The eldest of eight children, Somerville was born on the island of Corfu, then part of the United States of the Ionian Islands, a British protectorate where her father was stationed. A year later, her father retired to Drishane, Castletownshend, County Cork, where Somerville grew up. Somerville is said to have dominated her sister and brothers in a family where women were encouraged to be bold. She received her primary education at home, and then attended Alexandra College in Dublin. In 1884 she went to Paris for the first of several trips to study art at the Académie Colarossi and Académie Delécluse, and then spent a term at the Westminster School of Art in Dean's Yard, Westminster. At home, riding and painting were her absorbing interests.

==Career==
In January 1886, she met her cousin Violet Martin, and their literary partnership began the following year. Their first book, An Irish Cousin, appeared in 1889, under the names Geilles Herring (from the maiden name of her ancestor, the wife of Sir Walter de Somerville of Linton and Carnwath) and Martin Ross, though the pen names were dropped after the first edition. In 1898 Edith Somerville went to paint at the Etaples art colony, accompanied by Violet. There they profited from their stay by conceiving together the stories later gathered in Some Experiences of an Irish R. M., completed the following year. By the time Violet died in 1915, they had published fourteen books together. Her cousin's death stunned Edith, who continued to write as "Somerville and Ross", claiming that they kept in contact through spiritualist séances. The precise nature of their relationship — whether they were romantic and sexual partners as well as literary collaborators and friends — has been the object of speculation by later writers.

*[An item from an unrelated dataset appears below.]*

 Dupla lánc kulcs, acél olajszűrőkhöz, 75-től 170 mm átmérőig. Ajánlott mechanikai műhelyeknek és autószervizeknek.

Somerville was a devoted sportswoman who, in 1903, had become master of the West Carbery Foxhounds. She was also active in the suffragist movement, corresponding with Dame Ethel Smyth. She was in London still recovering from the shock of Violet's death when the Easter Rising of 1916 broke out. On 9 May, she wrote a letter to The Times, blaming the British government for the state of affairs in Ireland. After that, she tended towards Nationalism, and as an adept musician at parties, she specialised in Irish tunes and Nationalist songs.

She had exhibitions of her pictures in Dublin and in London between 1920 and 1938, and was active as an illustrator of sporting picture books and children's picture books, including that of Ethel Penrose, another cousin.

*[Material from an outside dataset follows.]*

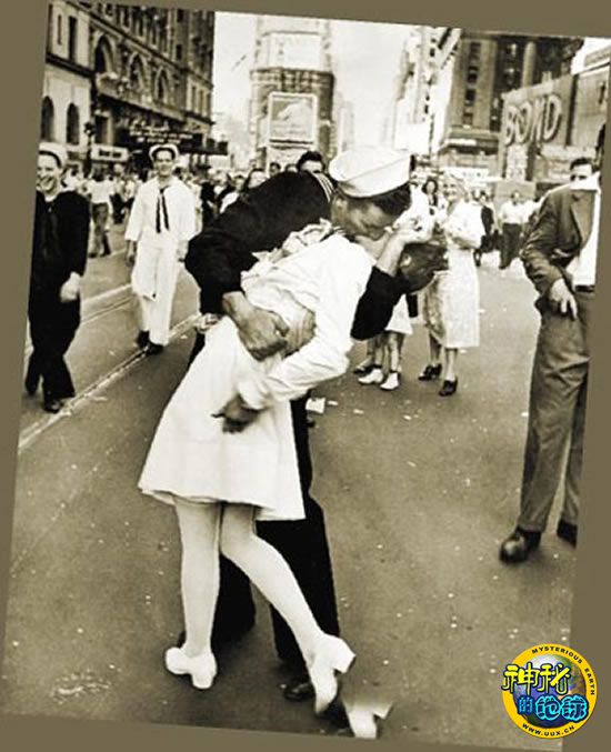 1945年美国时间8月14日,日本宣布无条件投降。一名美国水兵在纽约时报广场的欢庆胜利时拥吻了身旁的一位女护士,这一瞬间被美国《生活》杂志的摄影师抓拍下来。这张“胜利日之吻”的照片也因此成为美国人庆祝第二次世界大战胜利的经典镜头。

In 1936, her brother Henry Boyle Townsend Somerville, a retired Vice-Admiral in the Royal Navy, was killed by the IRA at the family home in Castletownshend. She finished his book "Will Mariner" after his death.

==Death and legacy==
She died at Castletownshend in October 1949, aged 91, and is buried alongside Violet Florence Martin at Saint Barrahane's Church, Castletownsend with a joint memorial to them both. A considerable archival legacy remains both at Castletownsend and in Trinity College Library.

The Irish RM books were made into a TV series, titled The Irish R.M., in 1983.

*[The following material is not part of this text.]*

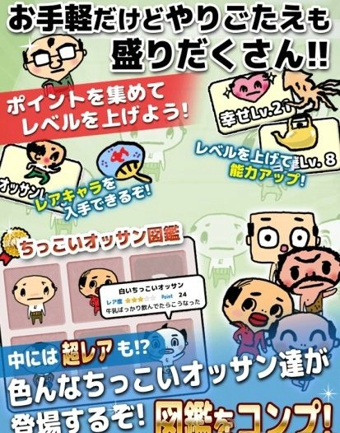 《老頭連環(huán)擊 目撃!ちっこいァ∶サン図監(jiān)》是一款日式休閑類游戲,游戲適合打發(fā)時間,有點小收集的意思,用手指對著小老頭滑動,即可消滅他們,cop 數(shù)可以拿來升級一些道具。

Edith-a novel, based on her life in the period 1921–22, by Martina Devlin, was published in 2022.

==Bibliography==

===Collaborative Works===
- An Irish Cousin (1889)
- Naboth's Vineyard (1891)
- In the Vine Country (1893) - nonfiction
- Through Connemara in a Governess Cart (1893)
- The Real Charlotte (1894)
- Beggars on Horseback: A Riding Tour in North Wales (1895) - nonfiction
- The Silver Fox (1897)
- Some Experiences of an Irish R. M. (1899)
- A Patrick's Day Hunt (1902)
- All on the Irish Shore (1903)
- Some Irish Yesterdays (1906)
- Further Experiences of an Irish R.M. (1908)
- Dan Russell the Fox (1911)
- In Mr Knox's Country (1915)

===Solo Works===
- Irish Memories (1917)
- Mount Music (1919)
- An Enthusiast (1921)
- Wheel-Tracks (1923) - nonfiction
- The Big House of Inver (1925)
- French Leave (1928)
- The States through Irish Eyes (1930)
- An Incorruptible Irishman (1932)
- The Smile and the Tear (1933)
- The Sweet Cry of Hounds (1936)
- Sarah's Youth (1938)
- Maria and Some Other Dogs (1949)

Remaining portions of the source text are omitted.